In de herstellingsperiode mag men den zieke niet verwaarloozen, ofschoon hij geen buitengewone zorg vereischt. De herstellende zal dagelijks 1 uur lang een compres op het achterlijf nemen (dit bestaat uit een meermalen gevouwen linnen doek, nat gemaakt en langs den geheelen rug op het lichaam gelegd); daarbij nog alle dagen gedurende 1 uur een compres op het bovenlijf (denzelfden doek op borst en buik) aanwenden en zich bij die aanwendingen goed instoppen. Dat deed ook onze patiënte, en in 10 à 12 dagen was zij hersteld. Een tweede geval werd op dezelfde wijze en met hetzelfde succes behandeld. Ik kan niet nalaten om hier twee opmerkingen te maken.
1. Als de hier besproken ziekteverschijnselen (hevige diarrhee, braking, krampen enz.) zich voordoen, dan moet men niet verzuimen om zulke zieken onmiddellijk naar bed te brengen.

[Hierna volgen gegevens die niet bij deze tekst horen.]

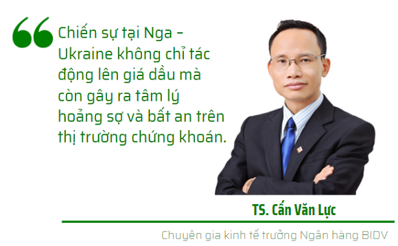 Cũng theo ông Lực, chiến sự tại Nga – Ukraine không chỉ tác động lên giá dầu mà hiện còn gây ra tâm lý hoảng sợ và bất an trên thị trường chứng khoán. Thay vào đó, tâm lý của các nhà đầu tư cũng sẽ bị ảnh hưởng, họ có xu hướng tìm đến tài sản an toàn hơn như vàng, các loại ngoại tệ như đồng Yen (Nhật), đồng Franc (Thụy Sĩ).

Landlieden zijn te dien opzichte voor zich zelven te streng en daardoor onvoorzichtig. Men geve een warmen drank voor inwendig gebruik. Als men voor krampachtige toestanden vreest, of de voeten ijskoud worden, zoo legge men den zieke aanstonds (niet langer dan 3 kwartier) een warm compres op het voorlijf. Tegelijkertijd laat men hem op een warm compres voor het achterlijf rusten. Herhalen zich de krampen, dan moeten de compressen van voor- en achterlijf vernieuwd worden. Als de warmte en het zweet zich openbaren, is het gevaar voorbij.
2. Men zij voorzichtig in eten en drinken, tot alles weer in orde is. Men zoeke uit den gewonen daagschen pot de lichtste spijzen, en om te drinken is warme melk het best, zijnde heelend en voedend tegelijkertijd.
Als de cholera ergens heerscht, vertrouw dan op God en geef den moed niet op! Uit voorzichtigheid kunt ge u elken morgen en iederen avond flink de borst en den buik wasschen; kaaw alle dagen 10 à 12 jeneverbessen en hebt ge die niet, koop u dan peperkorrels! Voor weinig geld kunt ge er een groote hoeveelheid van krijgen. 5 zulke korreltjes 2 maal per dag genomen verwarmen de maag, helpen de spijsvertering en verwijderen de gassen.
* Kneipp was niet van hier. Hij woonde in Beieren en ontwikkelde daar de 'Kneippkuur', die zo'n beetje neerkwam op wat hij hier liet doen met de zieke dienstmeid.